Health and wellbeing

Bush tucker meets modern nutrition

Cooking guru Aunty Beryl Van-Oploo combines knowledge from her Elders with contemporary foods and modern nutrition.

Aunty Beryl

Of all the wonderful local ingredients found in inner Sydney, lemon myrtle is one of cooking guru Aunty Beryl Van-Oploo’s favourites.

Lemon myrtle can be used in both savoury and sweet dishes, think baked barramundi or biscuits and cheesecake, and in medicinal and beauty products.

Other local ingredients that grow in Sydney include the fruit from lilly pillies and quandongs. Kangaroo is now in supermarkets, while crocodile and other game meats are also available.

Over her 50-year career, Aunty Beryl has run catering enterprises, restaurants and cafes, always with a focus on bush tucker and native ingredients. Now she is passing this know-how on to the younger generations.

Crowds at NAIDOC in the City.
Crowds at NAIDOC in the City.

Aunty Beryl combines knowledge from her Elders with contemporary foods and modern nutrition.

It’s not a difficult leap to make. Aboriginal and Torres Strait Islander peoples are resilient and have survived off the land for many thousands of years. Aunty Beryl says diets were healthy and seasonal. People locally lived off fish and crustaceans from the ocean. In the country it would have been emus, kangaroos, wallabies or even honey ants in the Northern Territory.

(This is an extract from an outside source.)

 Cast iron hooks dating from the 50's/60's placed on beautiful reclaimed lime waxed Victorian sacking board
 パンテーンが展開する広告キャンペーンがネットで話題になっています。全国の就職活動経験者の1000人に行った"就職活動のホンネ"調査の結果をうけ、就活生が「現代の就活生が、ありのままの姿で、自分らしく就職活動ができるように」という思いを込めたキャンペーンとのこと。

She says we all belong to the land, not the other way around. And the land, waterways and sunshine look after us.

Aunty Beryl’s Elders always told her to get an education. She did.

Today she teaches cooking and hospitality skills to young students at the National Centre of Indigenous Excellence. She helps them secure internships and jobs in the restaurant trade.

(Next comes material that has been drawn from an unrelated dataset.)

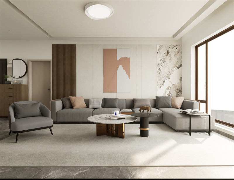 本设计主颜色选择米白色和灰色,营造简洁明快的氛围。通过家具、装饰品和艺术品引入橙色、粉色、蓝色等点缀色彩,增加空间的活力。天花板安装隐藏式LED灯,提供均匀的基础照明。在艺术品、书架等区域使用射灯,突出展示效果。阅读区域和工作区域使用可调节的台灯,满足不同光线的需求。墙面悬挂抽象艺术画作,增加空间的艺术气息。使用绿植和花卉装饰,为室内带来自然气息。本设计以“拥抱·爱”为主题,打造即独立又相互联系的私密居住空间,让居住者能感受到家的温暖和舒适。

If you have an education, you have a voice, and a choice.

Aunty Beryl sees students acquire skills and then flourish, taking control of their own journey and enjoying a better quality of life. And Aunty Beryl also sees firsthand the link between education, wellbeing and health.

“If you eat healthy, you can look after somebody else,” she says.

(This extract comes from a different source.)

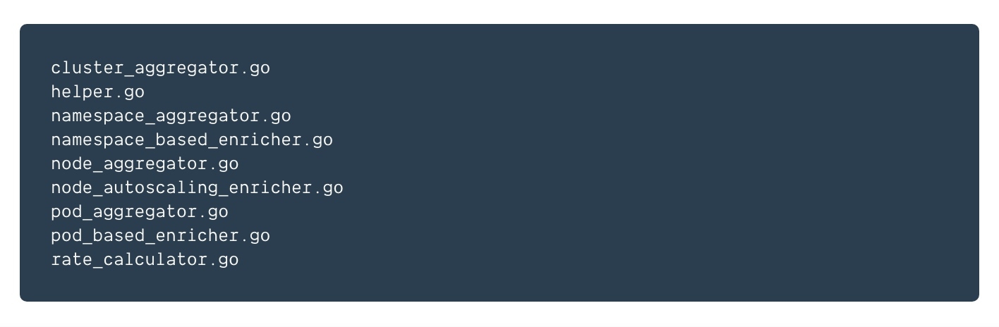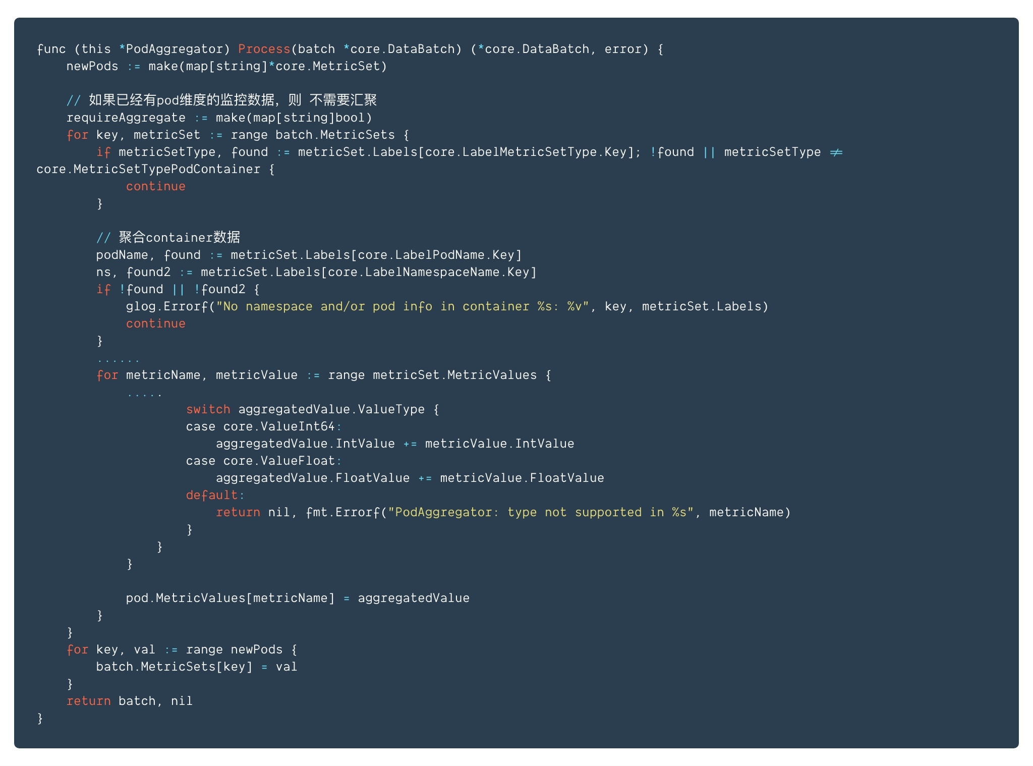cAdvisor返回的原始数据包含了nodes和containers的相关数据,heapster需要创建各种processor,用于处理成不同类型的数据,比如pod, namespace, cluster,node的聚合,求和平均之类,processor有如下几种:

Aunty Beryl showed crowds how to make lemon myrtle biscuits and barbecue kangaroo fillets with native pepper berries. Her demonstration took place at this year’s NAIDOC in the City with the theme, Because of her, we can!

“Women are the backbone in the family and always will be,” says Aunty Beryl. “[They] play the most important part in the family... They’re always there, regardless”.

Aunty Beryl’s lemon myrtle butter biscuits

Ingredients

2 cups (250g) self-raising flour

1 teaspoon dried lemon myrtle

180g butter, softened

½ cup (125g) sugar

1 beaten egg

  1. Preheat oven to 190 degrees Celsius. Sift flour and dried lemon myrtle into a bowl, then rub in the butter until it resembles breadcrumbs.
  2. Add sugar and beaten egg and mix into a stiff dough, turn out onto a floured surface and knead gently until smooth.
  3. Wrap in plastic wrap and chill in the fridge for about 30 minutes.
  4. Roll out onto a floured surface about 5mm thick and cut into about 30 biscuits.
  5. Place on a greased baking tray and place in oven at 180 degrees Celsius for about 12 to 15 minutes until golden.